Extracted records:

↓

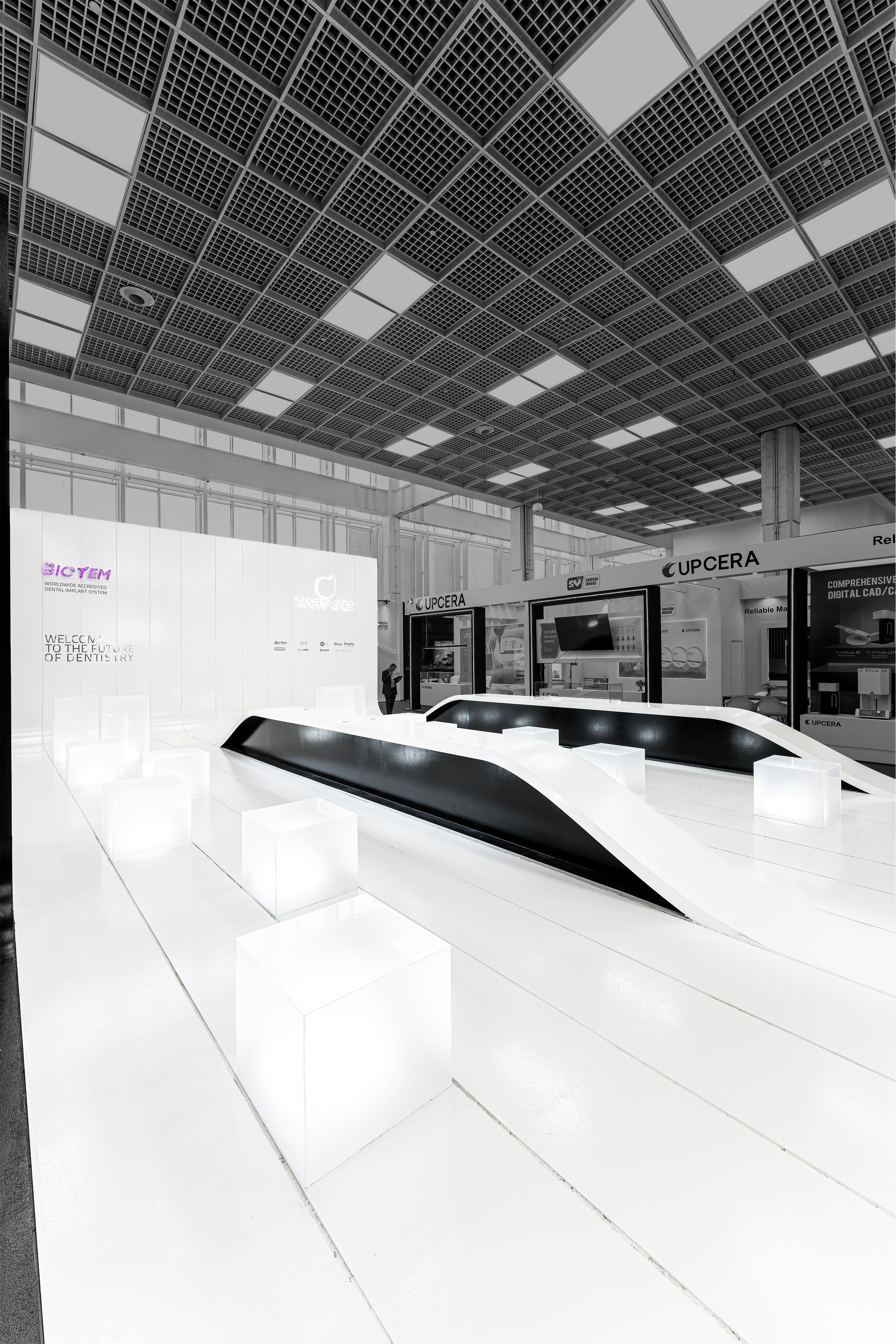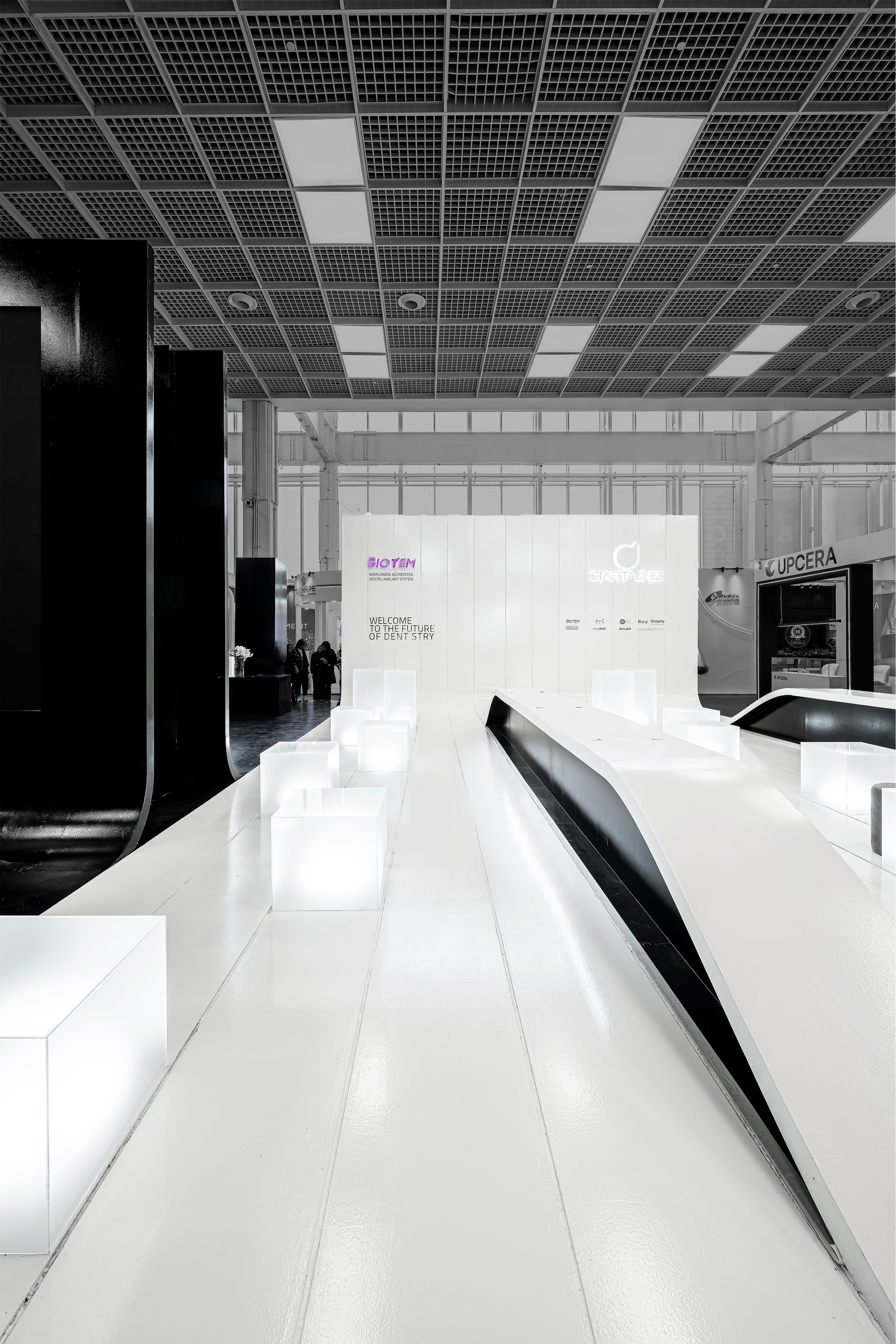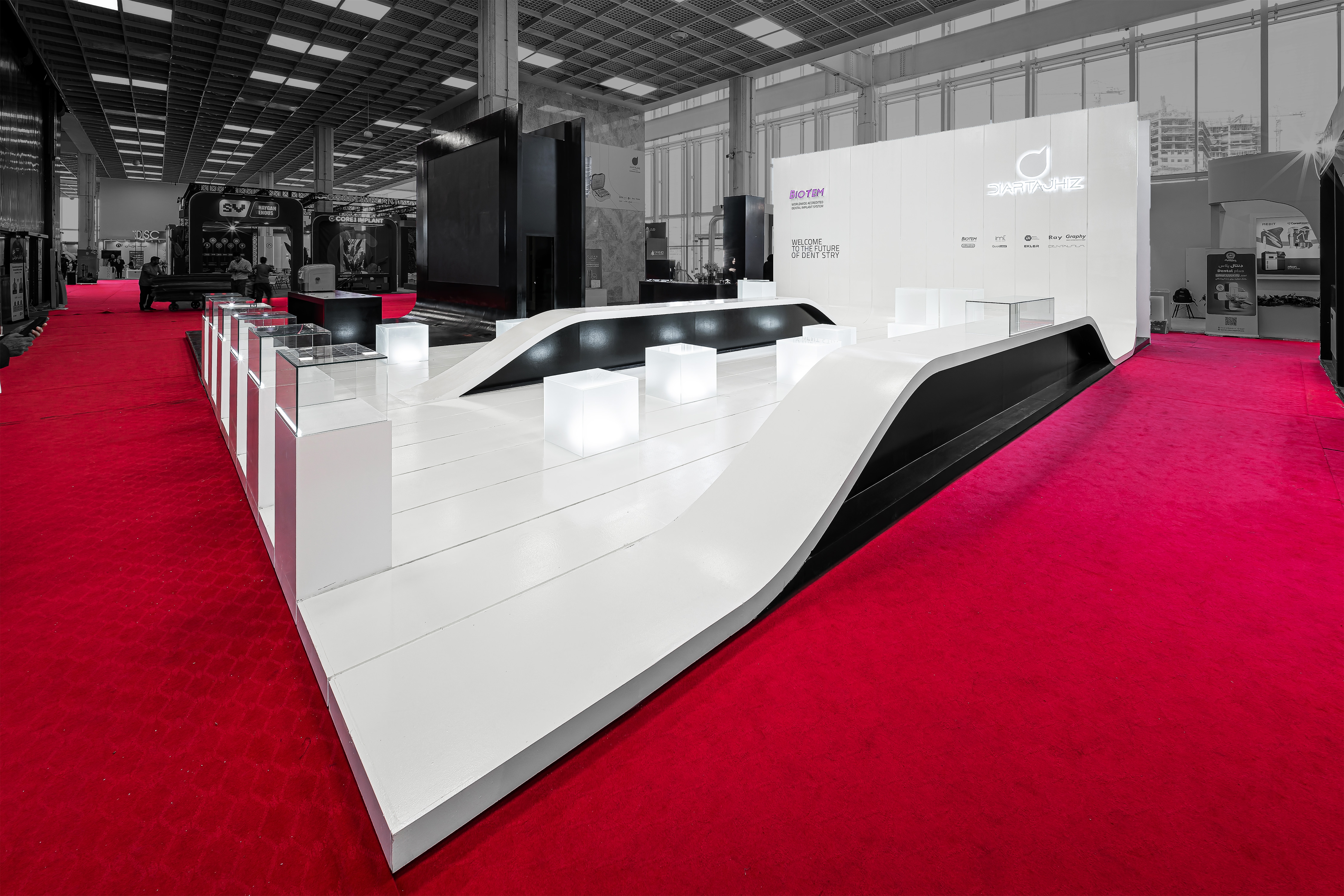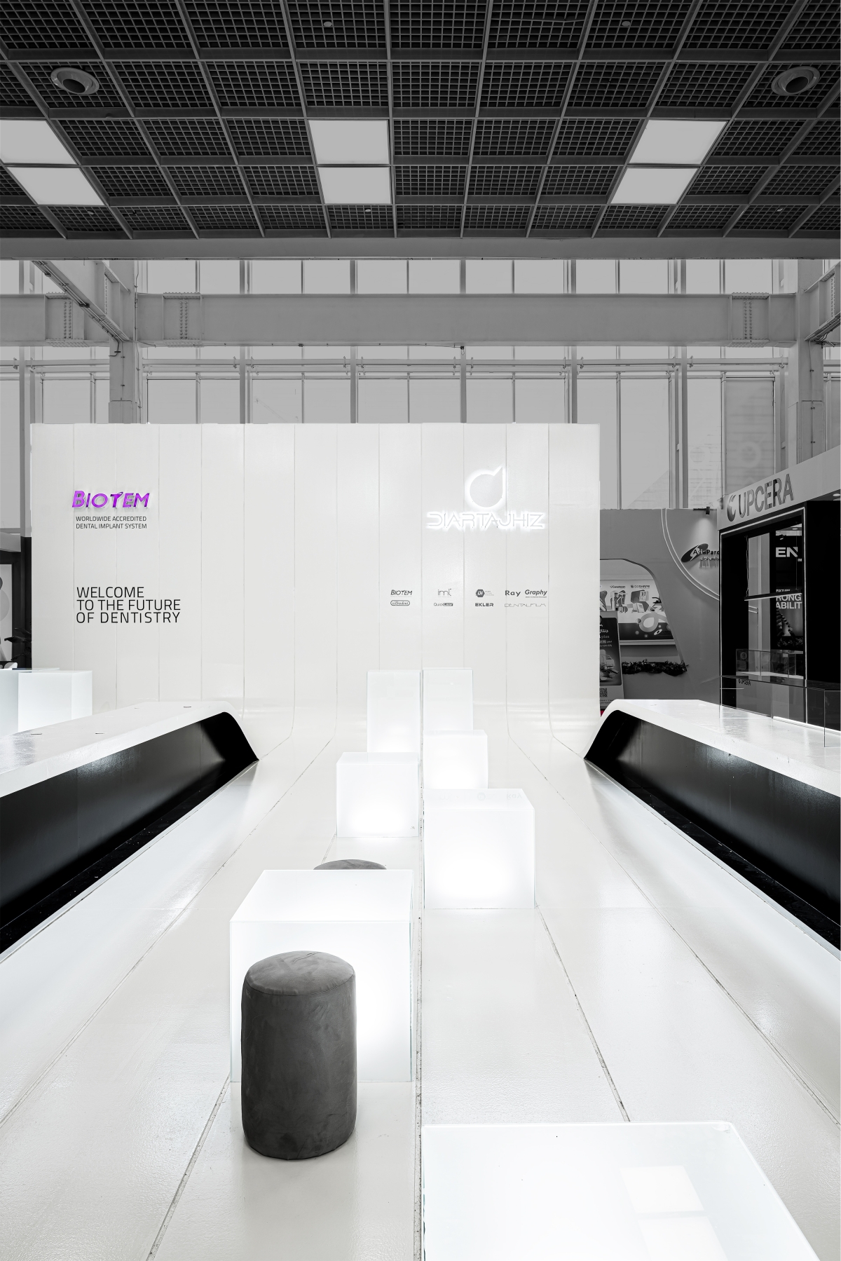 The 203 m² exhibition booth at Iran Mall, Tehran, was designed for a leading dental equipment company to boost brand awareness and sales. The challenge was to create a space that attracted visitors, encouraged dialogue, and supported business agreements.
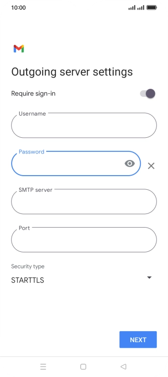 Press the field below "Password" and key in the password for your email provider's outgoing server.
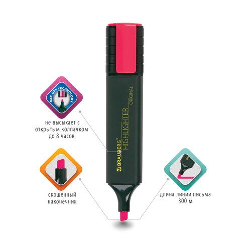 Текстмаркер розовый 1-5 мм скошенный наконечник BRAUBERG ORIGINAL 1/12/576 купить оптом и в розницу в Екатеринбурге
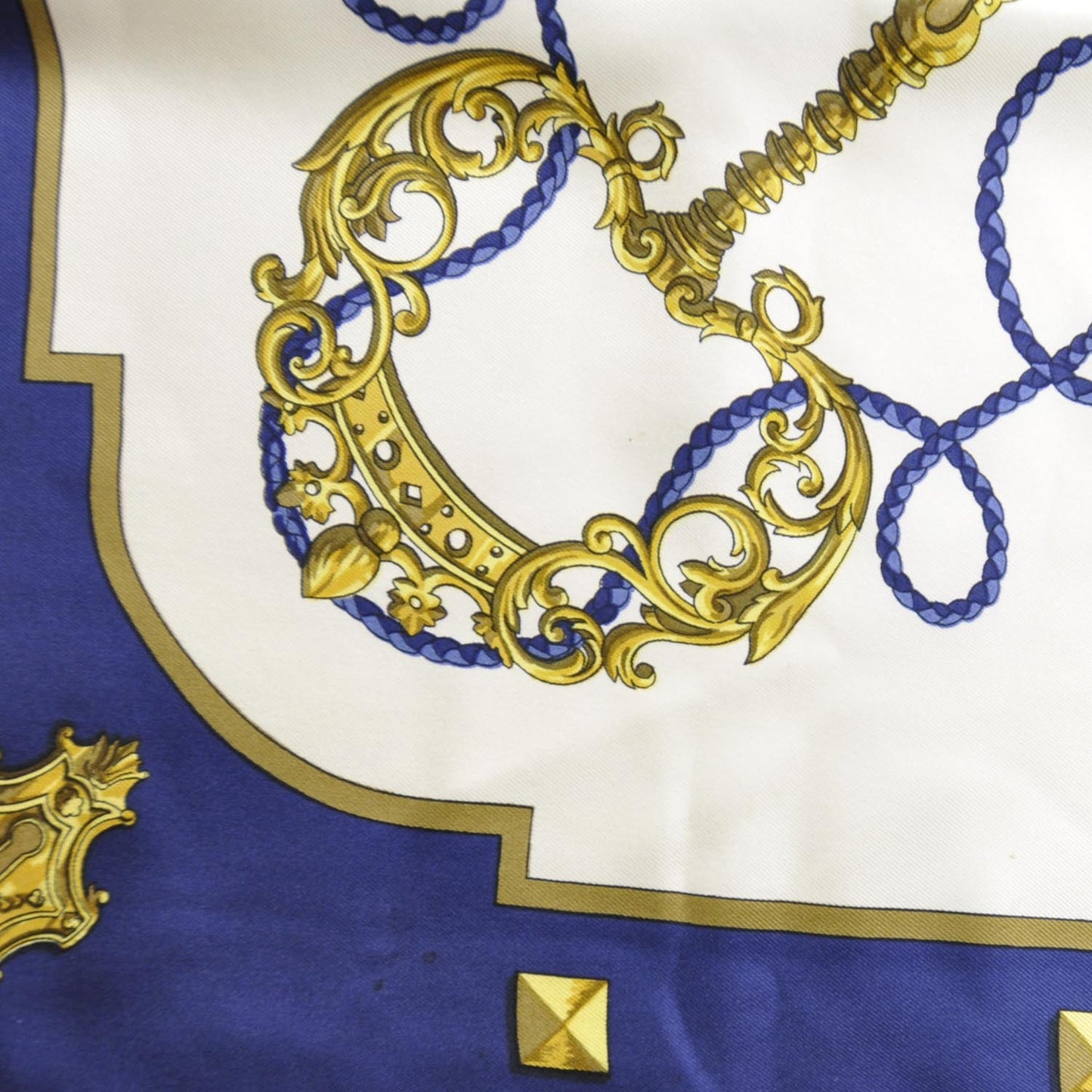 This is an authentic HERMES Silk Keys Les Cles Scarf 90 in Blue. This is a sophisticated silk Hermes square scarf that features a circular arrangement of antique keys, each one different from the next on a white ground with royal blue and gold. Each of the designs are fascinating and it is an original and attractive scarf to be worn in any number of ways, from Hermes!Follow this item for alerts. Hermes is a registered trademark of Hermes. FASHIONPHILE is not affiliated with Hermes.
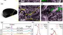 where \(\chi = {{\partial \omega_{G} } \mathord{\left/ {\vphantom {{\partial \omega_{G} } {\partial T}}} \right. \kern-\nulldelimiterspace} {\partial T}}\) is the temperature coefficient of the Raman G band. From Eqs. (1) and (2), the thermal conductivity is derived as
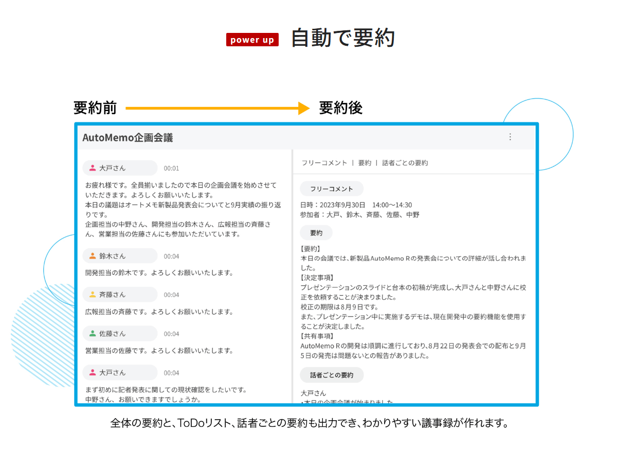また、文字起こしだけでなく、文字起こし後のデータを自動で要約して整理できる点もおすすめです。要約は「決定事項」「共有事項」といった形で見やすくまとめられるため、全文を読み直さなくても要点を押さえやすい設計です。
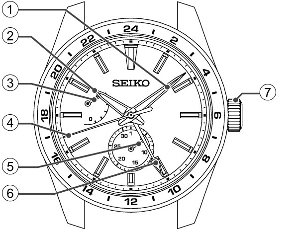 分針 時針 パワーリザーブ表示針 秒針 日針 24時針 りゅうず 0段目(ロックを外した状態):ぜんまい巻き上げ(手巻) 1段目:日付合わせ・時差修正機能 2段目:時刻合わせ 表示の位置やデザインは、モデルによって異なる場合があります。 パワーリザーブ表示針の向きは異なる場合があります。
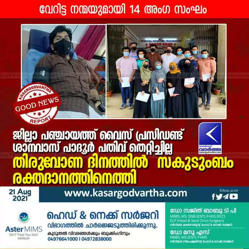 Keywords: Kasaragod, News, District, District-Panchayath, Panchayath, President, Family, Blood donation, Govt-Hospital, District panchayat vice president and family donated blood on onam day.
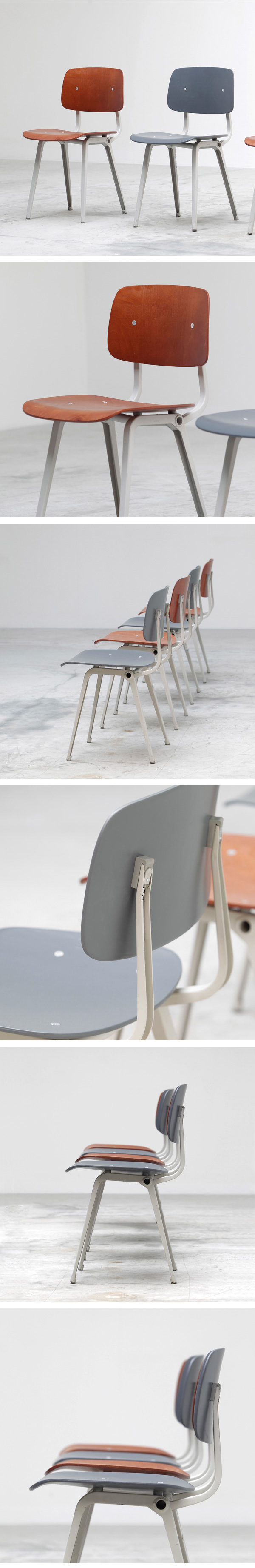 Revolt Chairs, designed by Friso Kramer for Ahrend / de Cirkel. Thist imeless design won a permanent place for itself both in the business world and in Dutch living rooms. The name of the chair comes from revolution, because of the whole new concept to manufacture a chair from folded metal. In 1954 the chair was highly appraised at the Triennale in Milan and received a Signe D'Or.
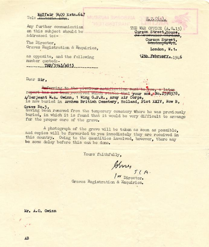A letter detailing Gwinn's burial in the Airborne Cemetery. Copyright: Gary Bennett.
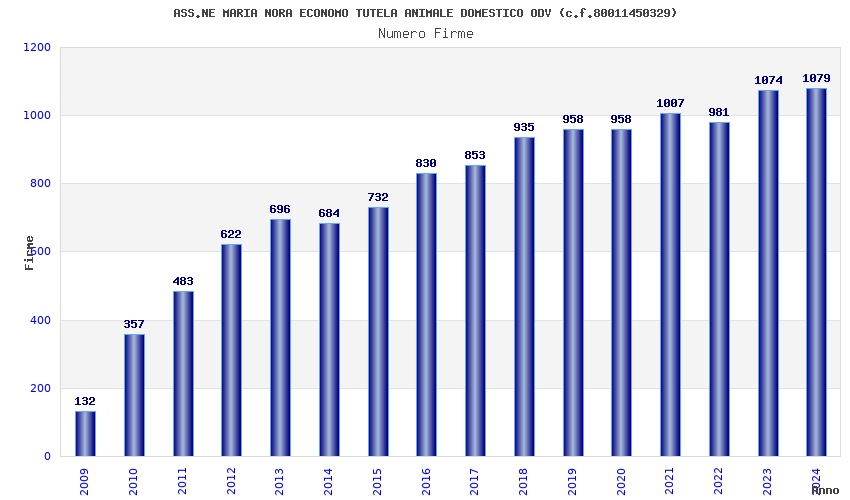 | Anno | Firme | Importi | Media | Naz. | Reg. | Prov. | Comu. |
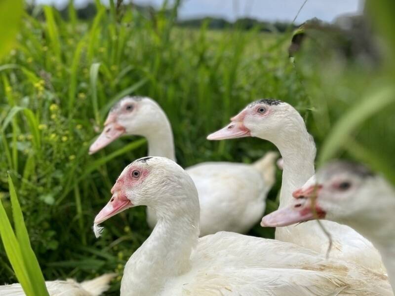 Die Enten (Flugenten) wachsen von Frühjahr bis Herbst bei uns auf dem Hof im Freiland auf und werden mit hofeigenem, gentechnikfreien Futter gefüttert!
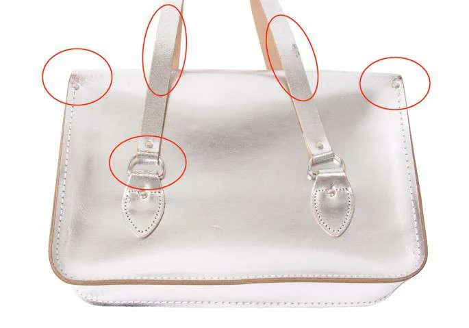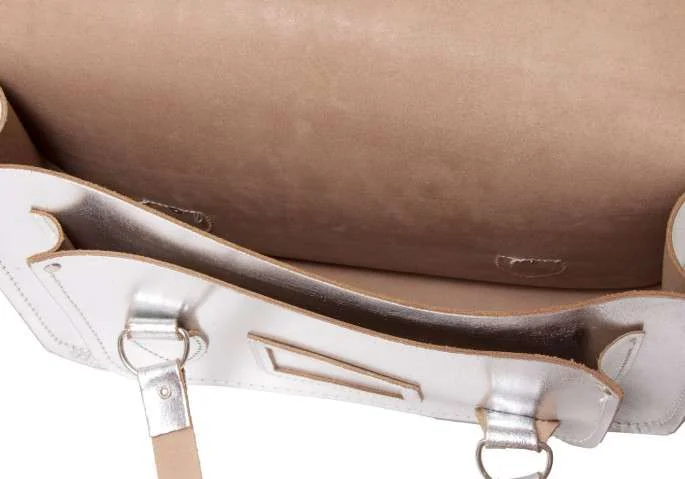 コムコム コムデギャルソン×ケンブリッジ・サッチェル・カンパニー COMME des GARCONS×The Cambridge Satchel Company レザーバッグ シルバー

↑

> _Assignment_
Hand back the exact lines from the start of the entries to the line with "Текстмаркер розовый 1-5", both ends kept and pictures left out.

> _Exercise solution_
 The 203 m² exhibition booth at Iran Mall, Tehran, was designed for a leading dental equipment company to boost brand awareness and sales. The challenge was to create a space that attracted visitors, encouraged dialogue, and supported business agreements.
 Press the field below "Password" and key in the password for your email provider's outgoing server.
 Текстмаркер розовый 1-5 мм скошенный наконечник BRAUBERG ORIGINAL 1/12/576 купить оптом и в розницу в Екатеринбурге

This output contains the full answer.